## TASK TO COMPLETE
As you print the data below, keep every line exactly as it is and leave the images behind.

## INPUT RECORDS
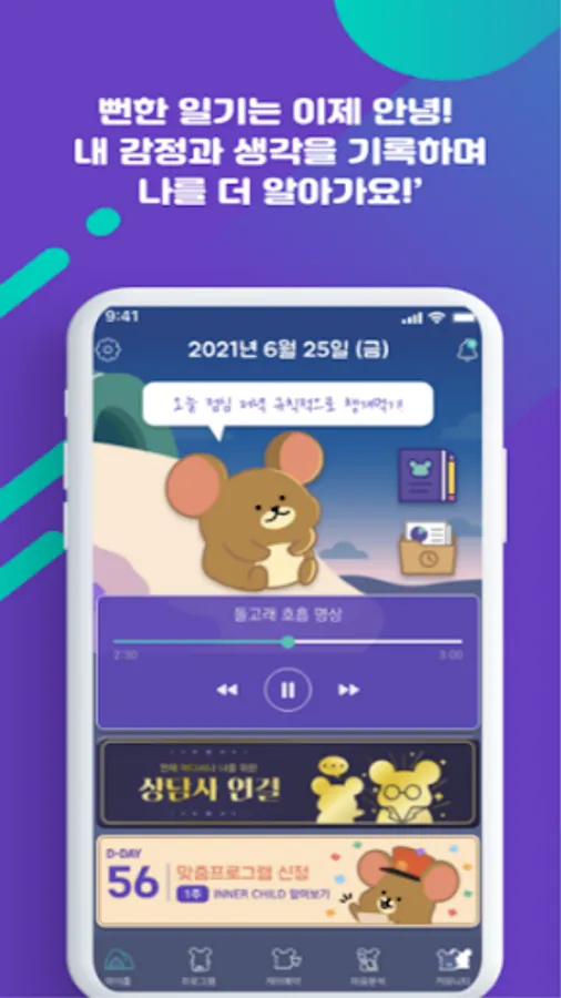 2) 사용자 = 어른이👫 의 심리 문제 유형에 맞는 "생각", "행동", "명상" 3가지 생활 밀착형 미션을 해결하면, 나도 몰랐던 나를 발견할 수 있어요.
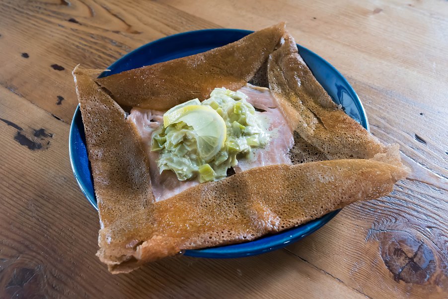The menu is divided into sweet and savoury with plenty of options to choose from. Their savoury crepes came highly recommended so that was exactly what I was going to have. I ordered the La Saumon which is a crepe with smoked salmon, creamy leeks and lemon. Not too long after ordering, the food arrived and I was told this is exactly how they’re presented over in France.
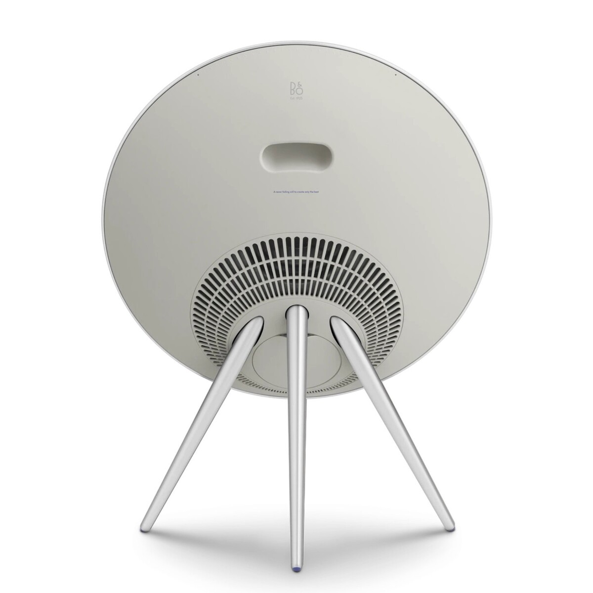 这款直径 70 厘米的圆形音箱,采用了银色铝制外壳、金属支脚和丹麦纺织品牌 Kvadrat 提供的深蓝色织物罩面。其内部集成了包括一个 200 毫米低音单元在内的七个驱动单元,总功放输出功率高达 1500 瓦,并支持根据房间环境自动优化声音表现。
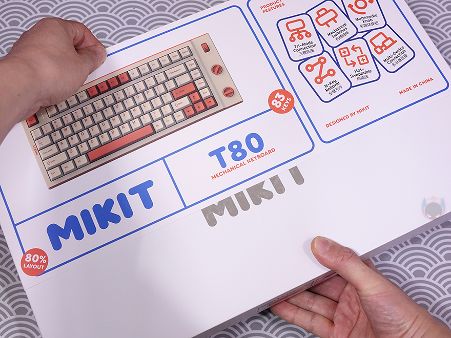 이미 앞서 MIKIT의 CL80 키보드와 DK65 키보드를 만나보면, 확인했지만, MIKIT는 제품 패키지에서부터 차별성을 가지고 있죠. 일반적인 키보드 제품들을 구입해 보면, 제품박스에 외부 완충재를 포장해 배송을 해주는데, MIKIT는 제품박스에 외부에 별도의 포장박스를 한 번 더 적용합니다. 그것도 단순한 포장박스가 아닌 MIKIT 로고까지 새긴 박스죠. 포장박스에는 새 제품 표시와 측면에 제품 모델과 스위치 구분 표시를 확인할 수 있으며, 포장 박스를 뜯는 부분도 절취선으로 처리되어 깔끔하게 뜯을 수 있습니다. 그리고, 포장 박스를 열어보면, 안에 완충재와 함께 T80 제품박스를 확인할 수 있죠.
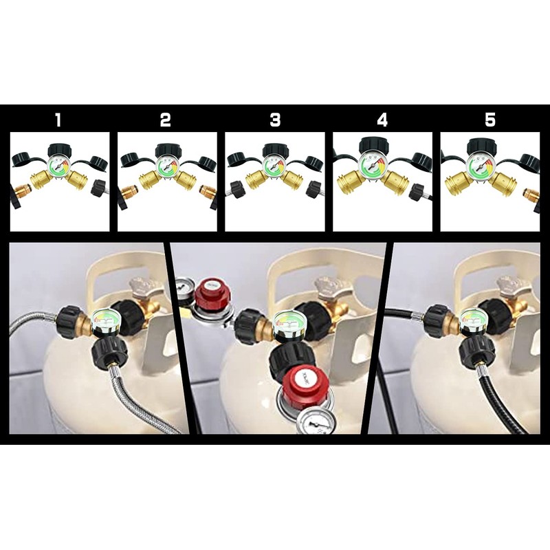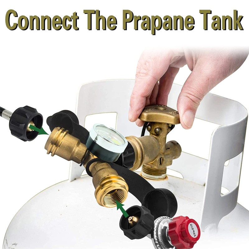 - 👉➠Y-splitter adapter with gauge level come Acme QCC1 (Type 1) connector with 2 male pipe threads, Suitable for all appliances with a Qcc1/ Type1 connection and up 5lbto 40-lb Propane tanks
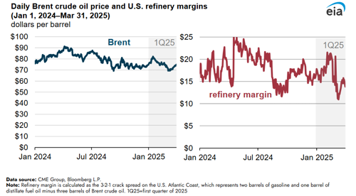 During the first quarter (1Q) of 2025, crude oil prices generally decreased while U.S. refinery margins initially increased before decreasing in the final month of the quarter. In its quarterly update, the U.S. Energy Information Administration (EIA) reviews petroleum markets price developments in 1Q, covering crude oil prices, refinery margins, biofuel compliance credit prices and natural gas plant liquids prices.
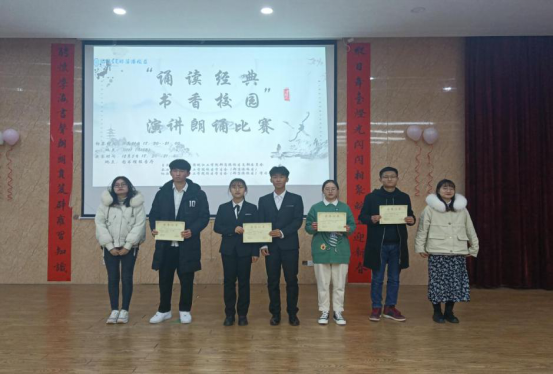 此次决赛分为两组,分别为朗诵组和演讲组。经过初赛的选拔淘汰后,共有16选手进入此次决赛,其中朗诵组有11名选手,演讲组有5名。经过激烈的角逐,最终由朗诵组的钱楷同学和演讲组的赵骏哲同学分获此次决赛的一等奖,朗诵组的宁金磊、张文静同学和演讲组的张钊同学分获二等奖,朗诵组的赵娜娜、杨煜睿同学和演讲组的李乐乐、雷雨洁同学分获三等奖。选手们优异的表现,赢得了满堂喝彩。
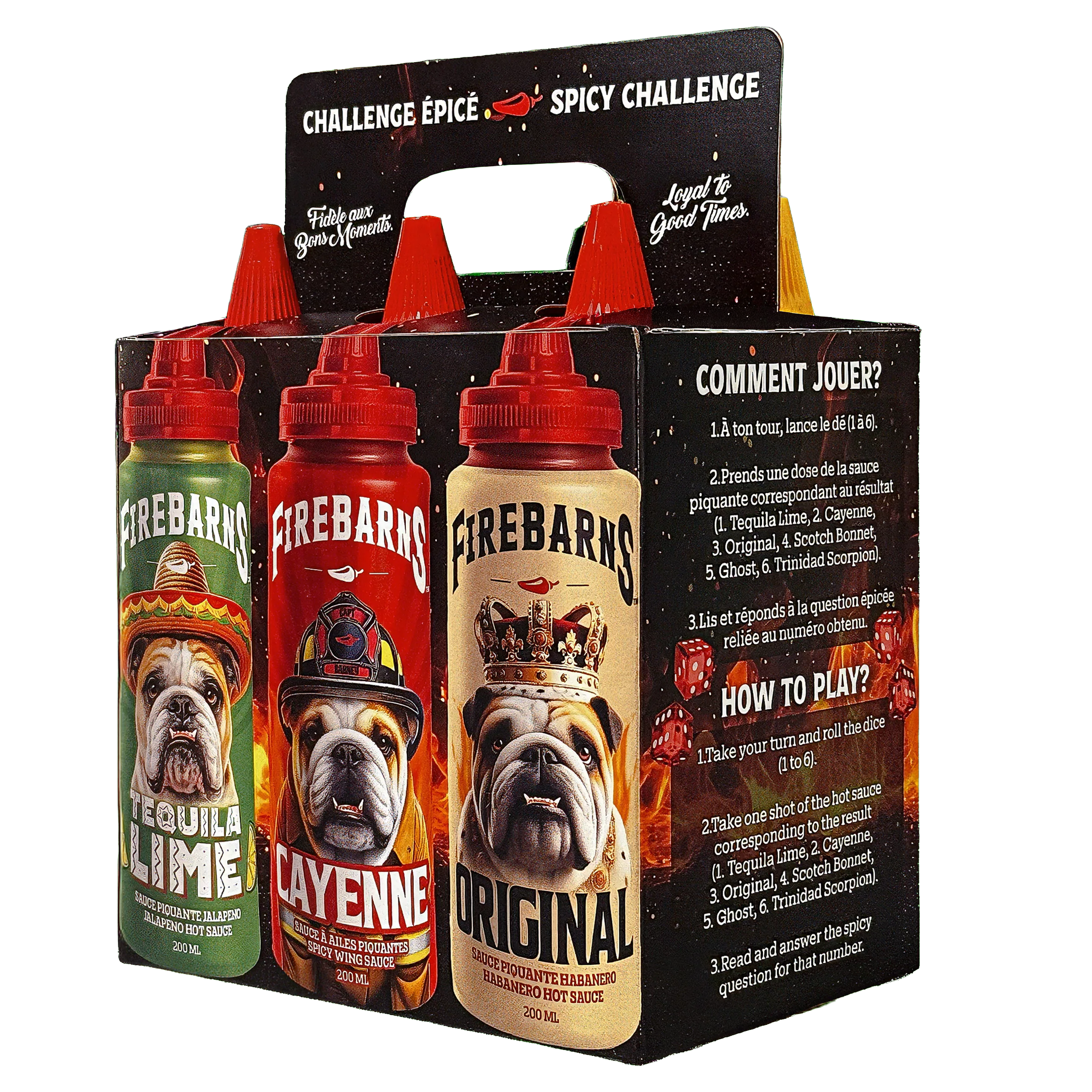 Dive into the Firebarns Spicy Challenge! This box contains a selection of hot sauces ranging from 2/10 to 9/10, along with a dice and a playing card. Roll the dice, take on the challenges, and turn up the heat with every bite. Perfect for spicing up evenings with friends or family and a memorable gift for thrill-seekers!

## RESULT OF THE EXERCISE
 2) 사용자 = 어른이👫 의 심리 문제 유형에 맞는 "생각", "행동", "명상" 3가지 생활 밀착형 미션을 해결하면, 나도 몰랐던 나를 발견할 수 있어요.
The menu is divided into sweet and savoury with plenty of options to choose from. Their savoury crepes came highly recommended so that was exactly what I was going to have. I ordered the La Saumon which is a crepe with smoked salmon, creamy leeks and lemon. Not too long after ordering, the food arrived and I was told this is exactly how they’re presented over in France.
 这款直径 70 厘米的圆形音箱,采用了银色铝制外壳、金属支脚和丹麦纺织品牌 Kvadrat 提供的深蓝色织物罩面。其内部集成了包括一个 200 毫米低音单元在内的七个驱动单元,总功放输出功率高达 1500 瓦,并支持根据房间环境自动优化声音表现。
 이미 앞서 MIKIT의 CL80 키보드와 DK65 키보드를 만나보면, 확인했지만, MIKIT는 제품 패키지에서부터 차별성을 가지고 있죠. 일반적인 키보드 제품들을 구입해 보면, 제품박스에 외부 완충재를 포장해 배송을 해주는데, MIKIT는 제품박스에 외부에 별도의 포장박스를 한 번 더 적용합니다. 그것도 단순한 포장박스가 아닌 MIKIT 로고까지 새긴 박스죠. 포장박스에는 새 제품 표시와 측면에 제품 모델과 스위치 구분 표시를 확인할 수 있으며, 포장 박스를 뜯는 부분도 절취선으로 처리되어 깔끔하게 뜯을 수 있습니다. 그리고, 포장 박스를 열어보면, 안에 완충재와 함께 T80 제품박스를 확인할 수 있죠.
 - 👉➠Y-splitter adapter with gauge level come Acme QCC1 (Type 1) connector with 2 male pipe threads, Suitable for all appliances with a Qcc1/ Type1 connection and up 5lbto 40-lb Propane tanks
 During the first quarter (1Q) of 2025, crude oil prices generally decreased while U.S. refinery margins initially increased before decreasing in the final month of the quarter. In its quarterly update, the U.S. Energy Information Administration (EIA) reviews petroleum markets price developments in 1Q, covering crude oil prices, refinery margins, biofuel compliance credit prices and natural gas plant liquids prices.
 此次决赛分为两组,分别为朗诵组和演讲组。经过初赛的选拔淘汰后,共有16选手进入此次决赛,其中朗诵组有11名选手,演讲组有5名。经过激烈的角逐,最终由朗诵组的钱楷同学和演讲组的赵骏哲同学分获此次决赛的一等奖,朗诵组的宁金磊、张文静同学和演讲组的张钊同学分获二等奖,朗诵组的赵娜娜、杨煜睿同学和演讲组的李乐乐、雷雨洁同学分获三等奖。选手们优异的表现,赢得了满堂喝彩。
 Dive into the Firebarns Spicy Challenge! This box contains a selection of hot sauces ranging from 2/10 to 9/10, along with a dice and a playing card. Roll the dice, take on the challenges, and turn up the heat with every bite. Perfect for spicing up evenings with friends or family and a memorable gift for thrill-seekers!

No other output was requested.